Reinforce what you want to see
What gets recognized gets repeated. It’s that simple. But a lot of leaders wait too long, or only acknowledge big outcomes like wins, deals, finished projects. The problem is that growth mindset isn’t built in the outcome. It’s built in the behavior along the way.
Things like:
- Someone asking a thoughtful question that shifts the conversation
- A team member trying a new approach, even if it doesn’t land perfectly
- Someone admitting they don’t know and inviting input
Those are the moments that matter. If they go unnoticed, people quietly go back to what feels safe. If they’re acknowledged, even briefly, it signals, this is how we operate here.
I’ve learned this the hard way. Earlier in my career, I focused more on results than process. And while results matter, I started to notice something: people were getting more cautious, not more innovative. When I shifted to recognizing the thinking, the experimentation, the willingness to stretch - that’s when things opened up.
It doesn’t have to be big or formal. A quick:
- “That was a great question”
- “I appreciate you trying that”
- “That’s exactly the kind of thinking we need”
Those moments compound.
Bringing it all together
If there’s one thing I’ve learned, it’s that growth mindset isn’t about being endlessly optimistic or constantly pushing forward. It’s quieter than that. It’s in the questions you ask. The space you create. The way you respond when things don’t go as planned. And what you choose to reinforce along the way.

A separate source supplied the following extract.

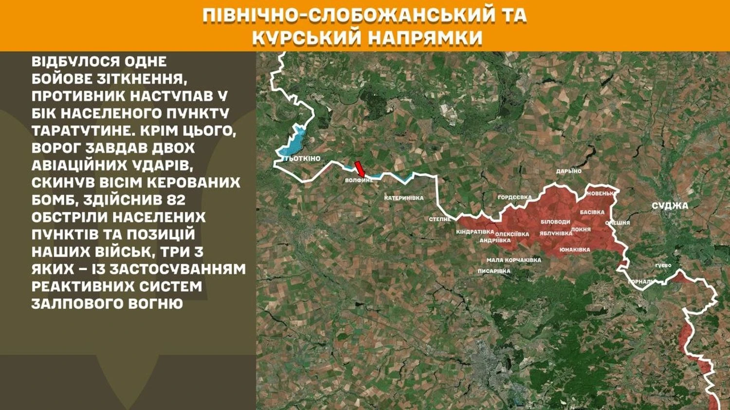 На Північно-Слобожанському і курському напрямках відбулося одне бойове зіткнення, противник наступав у бік населеного пункту Таратутине. Крім цього, ворог завдав двох авіаційних ударів, скинув вісім керованих бомб, здійснив 82 обстріли населених пунктів та позицій українських військ, три з яких – із застосуванням реактивних систем залпового вогню.

Maybe that’s why I don’t take it lightly - the ability to learn, adapt, and grow. It’s something we don’t always realize the value of until we see what it looks like when it’s gone.
Katarina showed us that it starts from within. Tyena showed us that our mindset shapes our outcomes. And I’d add this: as leaders, we make those things visible. People watch how we handle uncertainty. They notice whether we stay open or shut down. They feel whether growth is truly encouraged or just talked about.
So, if you’re wondering where to start, start small:
- Stay curious a little longer
- Let discomfort exist without rushing past it
- Choose to engage with change instead of pulling back
- And notice the moments worth reinforcing
That’s where real growth begins. Because growth doesn’t happen because we tell people to change. It happens when they feel safe enough and inspired enough to try.